Created 04-20-2016 06:15 PM
I lost all heartbeats on some datanodes of my cluster after a restart of machines.
The problem is located just after the connection of ambari-agent of the host with ambari-server
The last log I received in /var/log/ambari-agent/ambari-agent.log file of the defected DataNode :
INFO 2016-04-20 17:59:48,925 PingPortListener.py:50 - Ping port listener started on port: 8670 INFO 2016-04-20 17:59:48,927 main.py:283 - Connecting to Ambari server at https://hmaster1.xxx.local:8440 (10.10.238.111)
NetUtil.py:60 - Connecting to https://hmaster1.xxx.local:8440/ca
With the working Datanodes the process continue with this line of log :
INFO 2016-04-20 17:51:22,147 threadpool.py:52 - Started thread pool with 3 core threads and 20 maximum threads
In the Log of the ambari-server located in /var/log/ambari-server/ambari-server.log file. I see anything between the defected DataNode and Ambari Master.

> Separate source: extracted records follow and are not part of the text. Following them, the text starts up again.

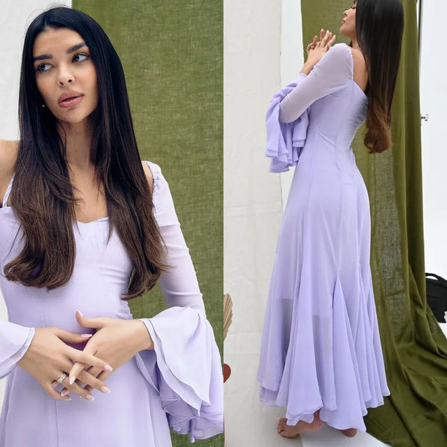Lilac Halter Chiffon Prom Dresses Arabia Fashion Flare
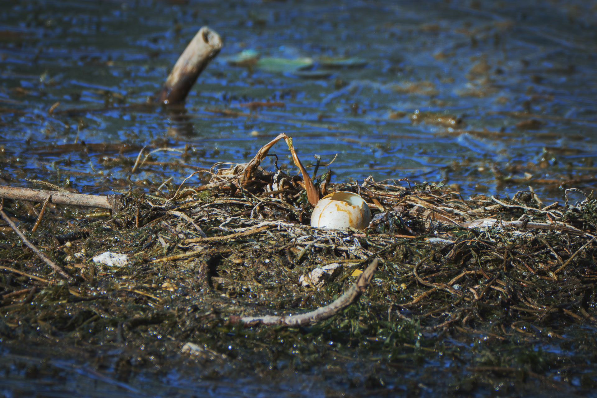 李聪全程目睹了鸟巢第五次被毁。那是7月12日,大风像无形的手一样,把鸟巢推到人来人往的岸边,凤头䴙䴘受到人的惊吓避到巢外。这时,一只黑水鸡忽然从芦苇丛里钻出来,对着巢里的两枚蛋,一下一下啄破,将里面的蛋黄囫囵吞了下去。
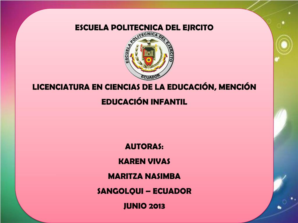 ESCUELA POLITECNICA DEL EJRCITO LICENCIATURA EN CIENCIAS DE LA EDUCACIÓN, MENCIÓN EDUCACIÓN INFANTIL AUTORAS: KAREN VIVAS MARITZA NASIMBA SANGOLQUI – ECUADOR JUNIO 2013
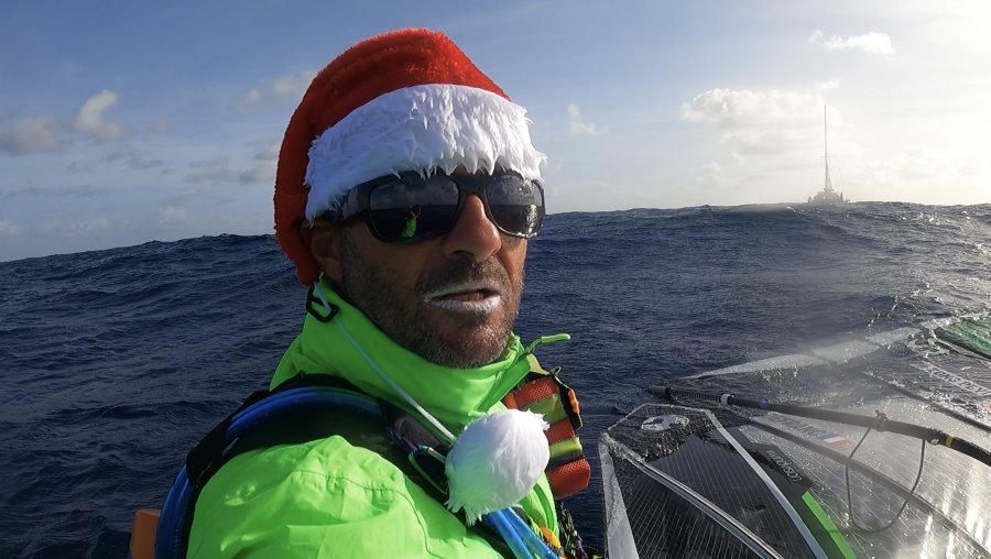 Une journée sous de bons auspices, vraisemblablement 👍 En tout cas Olivier, tu rivalises dur avec le Père Noël, car tes performances nous offrent de bons moments que l'on a plaisir à partager, malgré la distance, grâce aux compte-rendus quotidiens. Et tout l'équipage qui veille sur ta sécurité et ton bien être, mérite également tout notre respect. Continue à prendre du plaisir sur ta planche, Olivier ! Bises
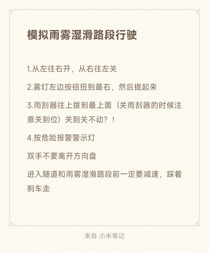 #科二暖心分享 目前已经拿本,接下来发给大家一些我的科目二学车经验与技巧啦。 进入隧道和雨雾湿滑路段前一定要减速,踩着刹车走。开灯顺序从左往右开,从右往左关,雾灯左边按钮扭到最右,然后提起来,雨刮器往上拨到最上面 (关雨刮器的时候注意关到位) 关到关不动?!按危险报警警示灯注意双手不要同时离开方向盘。
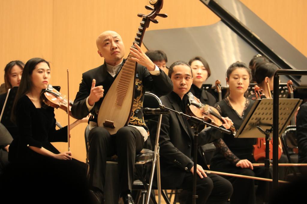 师生奉献了《红旗颂》《第二圆舞曲》《流浪之歌》《匈牙利舞曲第五号》《云想花想》《第一交响曲》《军营之歌》《燃情岁月》《雷电波尔卡》《钢铁洪流》等11首中外经典曲目。专业精准的演奏、震撼心灵的旋律将表演一次次推向高潮,赢得现场师生阵阵热烈的掌声。交响音乐会在激情澎湃的《保卫黄河》歌声中圆满落幕。
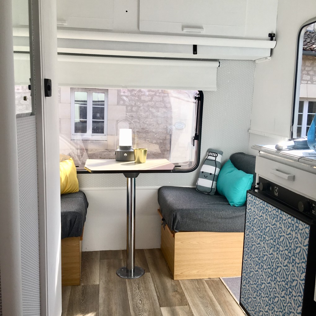 De Swift is niet meer te herkennen van hoe hij ooit is geweest. Wat een fris en stijlvol vakantieplekje is het geworden. Als je zo’n plaatje van een caravan hebt moet het ‘beesie’ ook een naam krijgen. Rebecca doopte de Swift tot ‘Betsy Ré’ . ‘Ré’  omdat het eiland Ile de Ré hun favoriete vakantiebestemming is. ‘Betsy’, omdat het zo lekker klinkt.
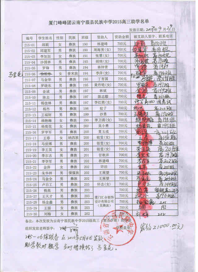 标题: 第215批受助学生名单(宁蒗民中30名,厦门峰峰团捐)
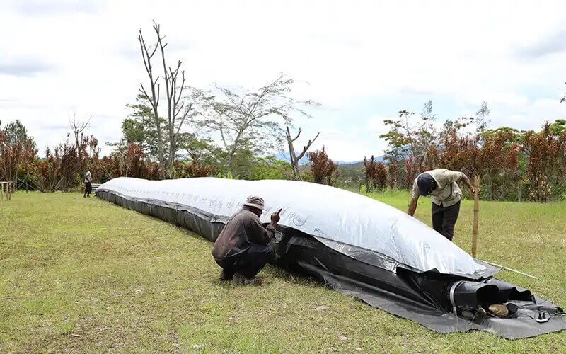 La sécheuse à bulles GrainPro est une sécheuse de type tunnel conçue pour sécher les produits agricoles tout en les protégeant contre les pluies soudaines et les conditions météorologiques imprévisibles. À l’aide d’air chauffé, la teneur en humidité des marchandises est vaporisée et poussée par les ventilateurs vers le fond.
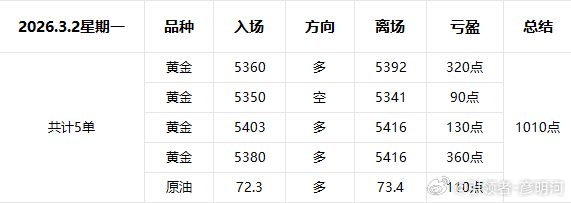2026.3.2星期一;回顾昨日我们共计操作5单其中4单黄金一单原油,5次出手5次全胜合计拿下1010点!受到周末消息面的关系周一跳高大涨,我们多次去看多都收获颇丰!
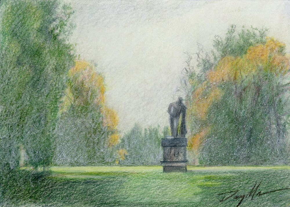I spent a fine morning at Vaux-le-Vicomte, the château of Nicolas Fouquet, Marquis de Belle Île, Viscount of Melun and Vaux. The great estate has magnificent gardens and statues. I was drawn to this statue, where a light early morning fog seemed to enhance the distance. This colored pencil sketch is a preliminary for a possible painting, and allowed me to explore the hues, soft morning light, and values of the view. As such, it is available for purchase at auction, flaws and all. The piece is 7" x 5", on paper mounted to a sturdy Letramax single-weight illustration board.
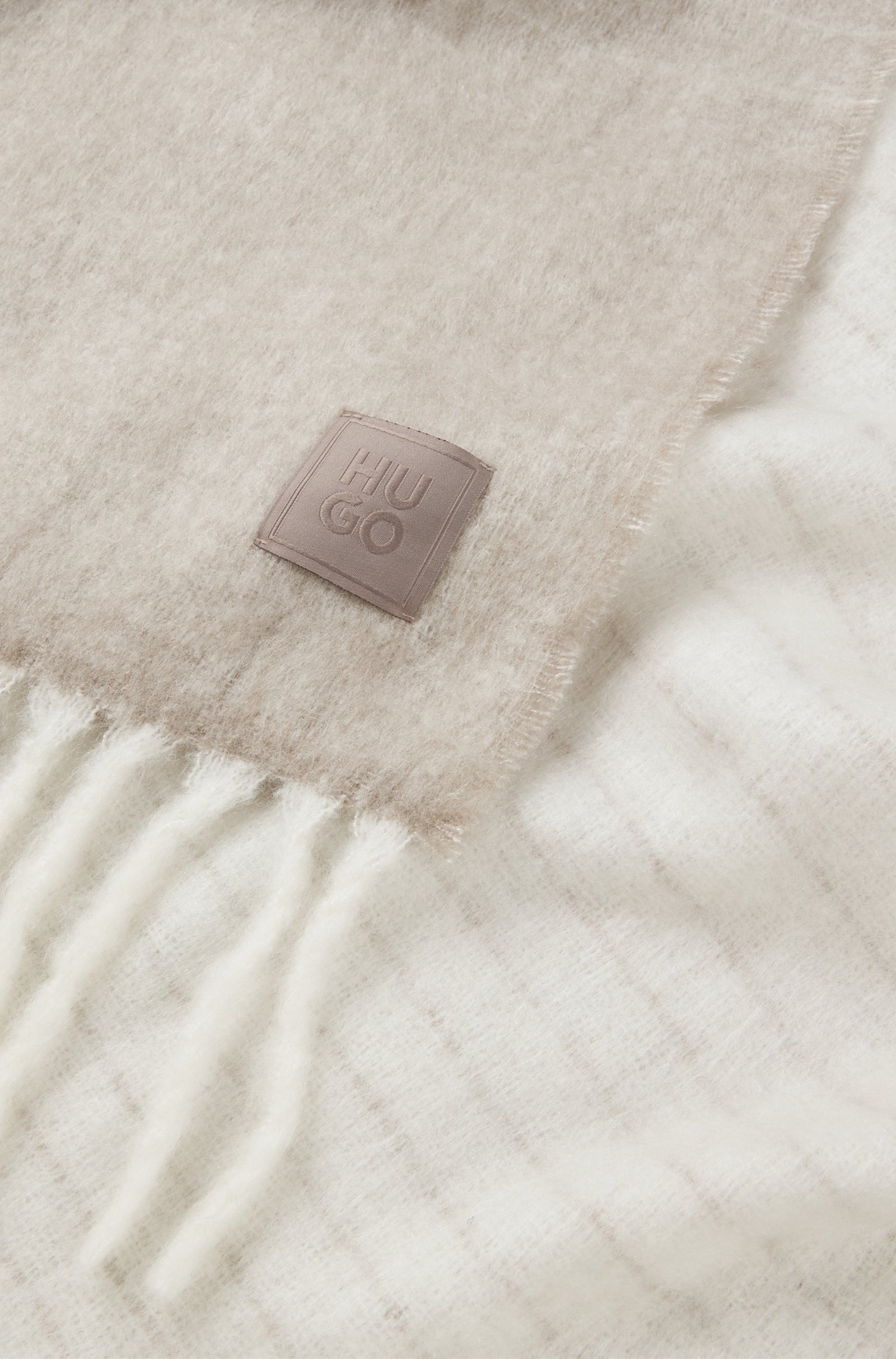 Шарф HUGO світло‑бежевого кольору виконаний з м’якої brushed тканини, створюючи відчуття тепла та затишку. Оверсайз‑формат забезпечує об’єм, вільну посадку та універсальність для щоденного стилю. Еко‑шерстяна текстура доповнена фактурною бахромою і акуратною нашивкою з логотипом, додаючи стильного акценту. Шарф гармонійно поєднується із зимовими пальтами, пуховиками або вʼязаним трикотажем. Шарф HUGO об’єднує комфорт, сучасність та елегантність.
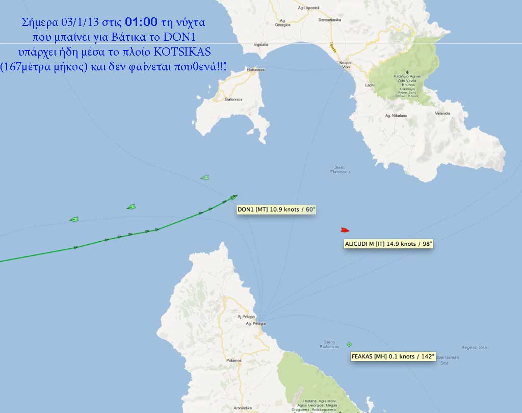 3 Ιανουαρίου 2013, στις 01:00 (Ελλάδος, το ais δουλεύει σε UTC), και τη στιγμή που το πλοίο DON1 μπαίνει στα Βάτικα. O όρμος εμφανίζεται άδειος από πλοία. Έλα μου ντε που δεν είναι έτσι…
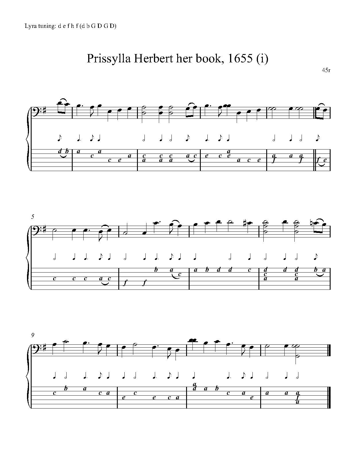 | Extra Information | These two short ayres for lyra viol (in Harpway Sharp tuning d e f h f) are drawn from an unpublished virginal manuscript "Prissylla Herbert her book, 1655" that was part of the Richard MacNutt private collection in Tunbridge Wells, England, in the 1970s. The current whereabouts of the manuscript is unknown. These pieces were copied by hand in the 1970s by Frank Traficante and are transcribed for dissemination here, based on his work. |
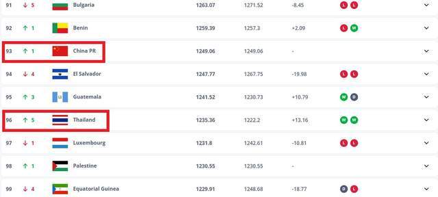 第一个,泰国足球的积分提升非常快。9月和10月的比赛日,泰国男足参加了4场国际友谊赛,取得了3胜1负的出色战绩,使得他们的积分暴涨,从102位一路攀升至目前的96位。而中国男足则由于选帅问题,未能参加任何比赛,导致积分停滞不前,排名仅有93位,虽然上升了1位,但与泰国的差距却愈加微乎其微。
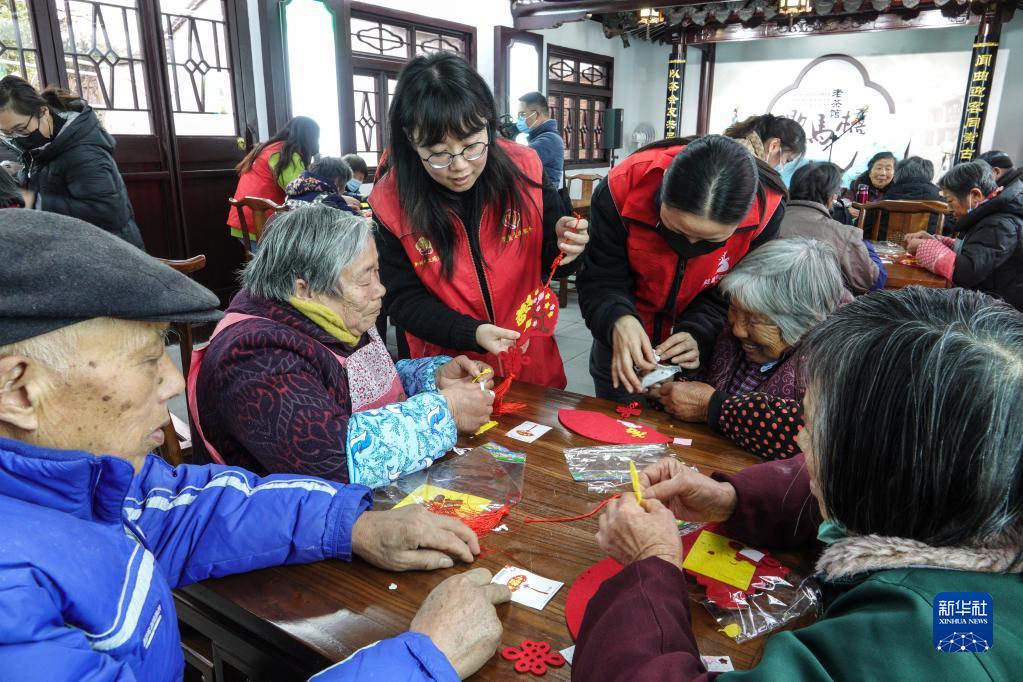 歇馬橋村志愿者輔助村里的老人做元宵節燈籠(2月2日攝)。該村通過(guò)古村落保護與村莊環(huán)境整治工作,建設成為長(cháng)三角鄉村文化傳承創(chuàng )新典型村落。

I notice that I use the last version of ambari 2.2.1.1 and centos 7 with the last updates.
I disabled all firewall rules and I have the same configuration for the working dataNode and the defected one.
Any idea about this strange problem ?
Created 04-20-2016 07:20 PM
first check, whether these datanodes are reachable from ambari-server using ssh protocol and their hostnames. And also try to do vice-versa then telnet from datanode to ambari server using ambari-server hostname on port 8440. If everything looks good. Then kill the current ambari-agent daemon and restart this service. Please make sure there is no hung stale instance of Ambani-Agent is running.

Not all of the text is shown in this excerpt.